This novella is about the glamour of success, as our society teaches it, and how that glamour affects young men. This story centres on a young privileged male as he struggles to find a role and identity that he can be proud of within a power structure that disgusts him. We see him trying to become ‘successful,’ and the violences that this causes, as the individualist ideology of our culture leads him towards self-destruction. He is ill-equipped to deal when his good intentions do not control life as he expects they will. He takes the failure of his desires as a failure of his masculinity.
This is a crucial topic at the core of the male mental health crisis. It opens conversations about the difficulties of growing up with the identity of a privileged white straight male in an age where that identity is, necessarily, having its powers deconstructed. This story carefully unveils some of the pervasive glamours at the centre of modern masculinity: white-saviourism, classism and misogyny.
Expectations are the Thieves of Joy
The basis of this story is an ancient tale, that turns up in Persian, Danish and Scottish mythology.

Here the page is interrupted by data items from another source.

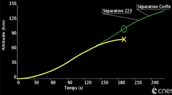 Mais environ deux minutes après le décollage, peu après l’allumage attendu du deuxième étage, le Zefiro 23, une anomalie s’est produite, entraînant rapidement une trajectoire dégradée du lanceur.
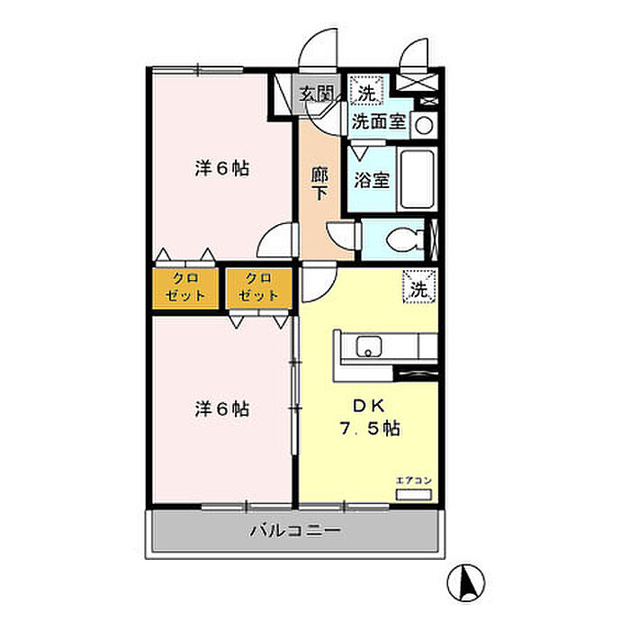 グランドュール 2DK/2階
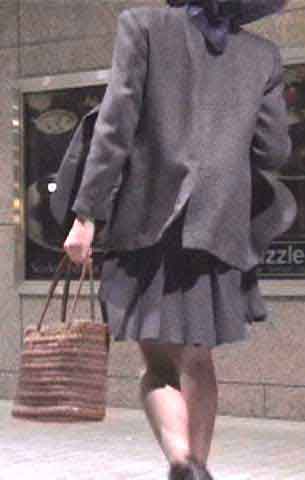 スカートも風を受けてプリーツが目いっぱい広がっています。
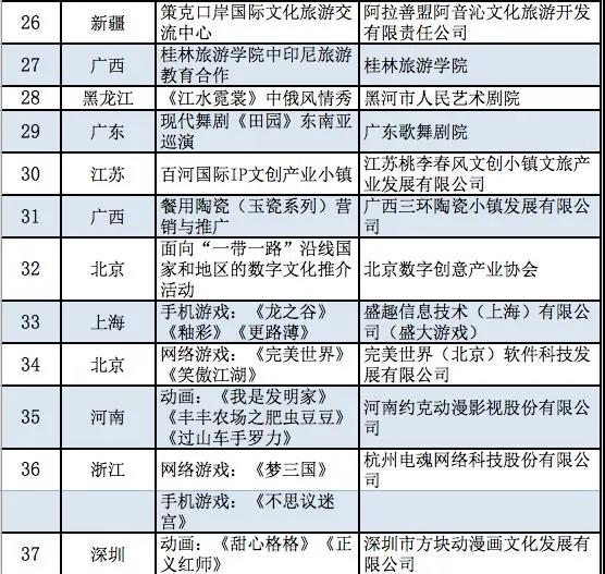 附件:文化和旅游部2019年度“一帶一路”文化產(chǎn)業(yè)和旅游產(chǎn)業(yè)國際合作重點(diǎn)項(xiàng)目公示名單
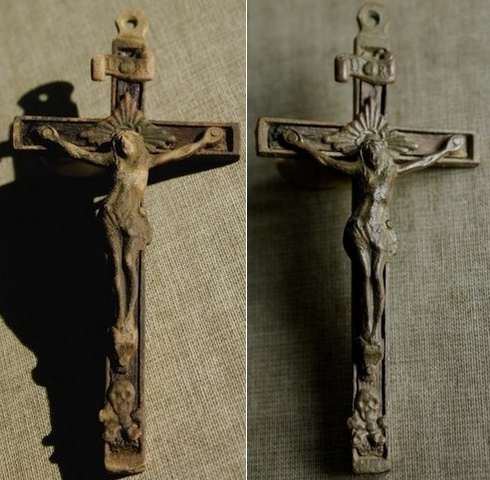 Il n'est pas commun de trouver un crucifix complet (90 mm x 45 mm). Il devait être placé à la tête d'un lit...? ou ailleurs...? et trouvé loin de tout dans un bois ?!...
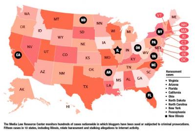 The Media Law Resource Center has already compiled a list of 15 cases nationwide that allege harassment. Some involve requests for restraining orders, as shown in two recent California cases. In San Francisco County, a female online sex columnist filed a request for a restraining order against two individuals after they allegedly sent her threatening e- mails and posted disapproving statements about her on several Web sites. The restraining order was denied. In Shasta County, a reporter for a Redding newspaper requested a restraining order against a former friend, who allegedly ridiculed her on a blog. Her request was also denied.
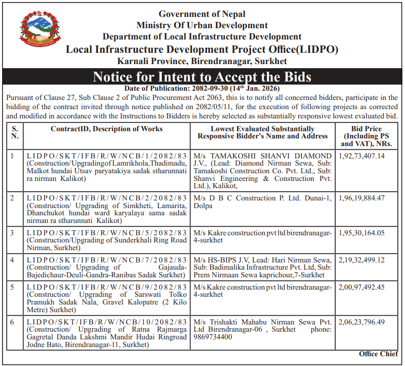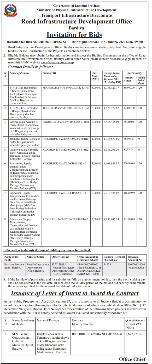 | 43 | Infrastructure Development Office, Bhojpur | Upgrading Works of i) Hatuwagadhi Gaunpalika wada no. 6 prajatantra ma.bi. PingDanda Tol bata Dhara tol Khelmaidan Samma Sadak, Bhojpur ii) Pangcha Lasune krishi sadak wada no. 10, Bhojpur | 14/01/2026 | PPMO | 16/02/2026 | Click Here | |
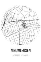 Zwart-witte landkaart, stratenplan of plattegrond van Nieuwleusen. Nieuwleusen is gelegen in de gemeente Dalfsen, provincie Overijssel. Op de stadskaart zijn alle openbare wegen in Nieuwleusen opgenomen. Verder is de kaart voorzien van de coördinaten van het centrum van Nieuwleusen.
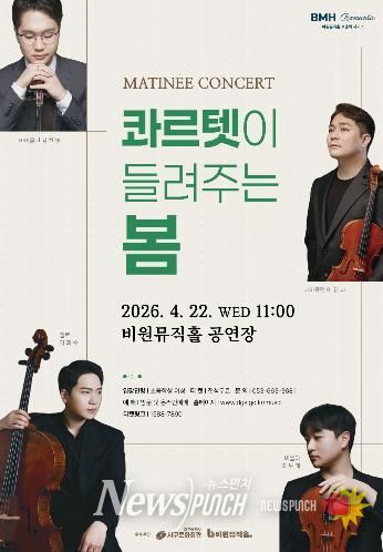 뉴스펀치 조평훈 기자 | 비원뮤직홀에서는 오전이 여유로운 관객들을 위한 마티네 콘서트 ‘콰르텟이 들려주는 봄’을 오는 4월 22일 개최한다.

Each version has different names and titles, yet the sequence of events doesn’t change. In it, two rich merchants make a wager. They give a poor guy some money. One of the merchants reckons the poor man will increase the money, the other says he’ll squander it. What happens is the poor guy loses the money, through no fault of his own. The merchants return to him, find him still penniless and do not believe that he lost the money. The poor man becomes rich, years later, through his own industry, without needing the charity of the rich, but for years both merchants think the poor man was a thief and a liar.
This retelling of that tale focuses on the merchant who bet that a poor man would be industrious if given money, and who believed this idealism and his charity to have been betrayed.